The alternative, data engineering approach, would be to set up a custom data pipeline to pull data from the common data service (CDS) into an Azure Data Lake; a cost-effective, scalable storage platform designed for analytics performance, using an orchestration tool like Azure Data Factory. This requires data engineering skills to set up and maintain while only attracting a (minimal) cost for the data factory and data lake, in comparison to an Azure SQL database.
With Dynamics 365 sitting on top of Microsoft’s Common Data Service (CDS), data is stored and organised in a secure and standardised format, the Common Data Model (CDM). The CDS goes beyond D365 and underpins the entire Power Platform providing a predictable model of data across many systems and tools.
A feature just hitting GA this week simplifies your access to CDS data, mirroring Microsoft’s vision for the modern data platform by bringing the data out to an Azure Data Lake, as a central store for raw data. This is the key to getting the data where you need it for data warehousing, machine learning, reporting and any other integration purposes.
The Export to Data Lake service is a pipeline to export CDS data to Azure Data Lake Gen 2, continuously after an initial load and in regular snapshots. This works for both standard and custom entities and replicates all operations (create, update and delete).
The Export to Data Lake service is enabled through the Power Platform admin portal.
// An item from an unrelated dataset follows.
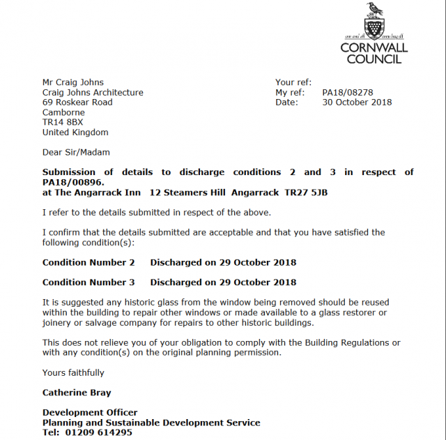 - 180905 | PA18/08278 | Submission of details to discharge conditions 2 and 3 in respect of PA18/00896. - The Angarrack Inn 12 Ste

It requires minimal configuration with just the connection to an existing data lake and selection of required entities, making it very simple to set up.
Some caveats exist that need to be in place beforehand:
- The CDS and Azure Data Lake must be in the same region.
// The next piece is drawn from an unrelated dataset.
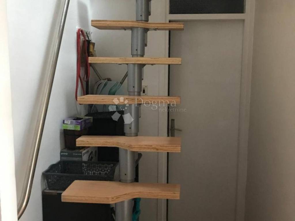 The apartment is located on the 4th floor of a building without an elevator. It consists of a kitchen with living room and a bathroom. An internal staircase leads to the upper floor a high attic where two bedrooms are located. The apartment includes an 8 square meter terrace accessible from the living room, as well as a 4 square meter storage room.

- The user setting up the service must have Owner rights on the data lake resource, to allow delegation of permissions.
- Any entities you want to use with the service must have change tracking enabled.
You can view the sync status and record count of each entity within the Power Platform portal. Depending on the size of your environment, it may take time to complete the initial sync.
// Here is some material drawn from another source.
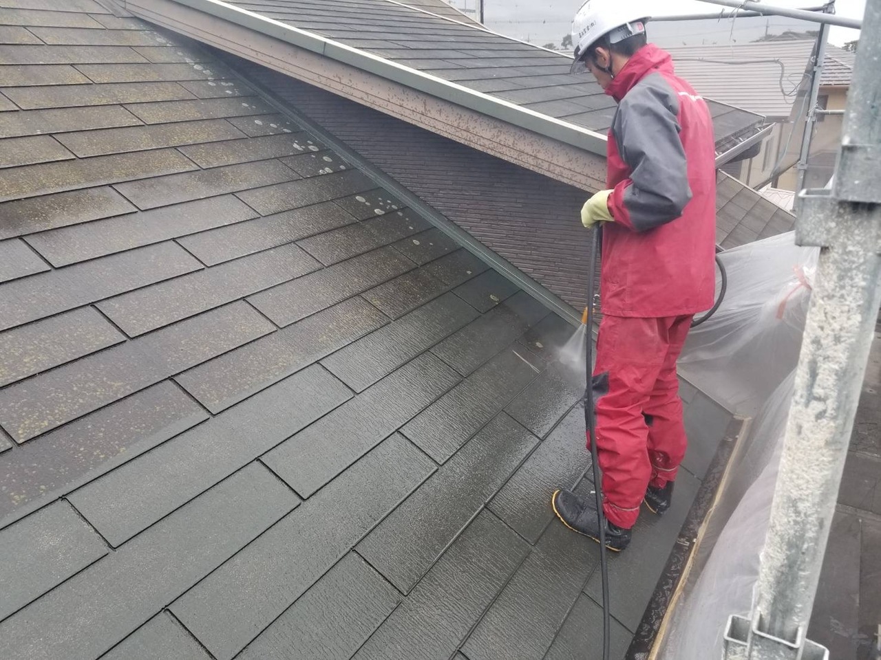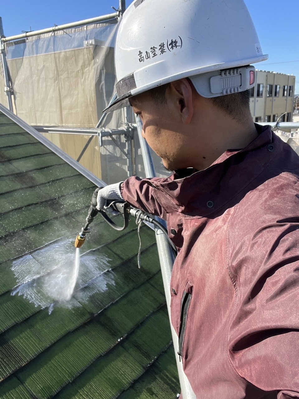 本日池ヶ谷の現場では屋根下塗り、各部下塗り、社長の現場では洗浄を行いました。

If you connect to your data lake using Azure Storage Explorer you can see the hierarchy set up for the CDS entities. Data is partitioned by year and a snapshot subfolder containing daily snapshots of that entity (if changes take place).
Within the main folder there’s also a JSON model file with all data model information and current sync status across each entity. This provides valuable metadata for data egress and is a good source for monitoring.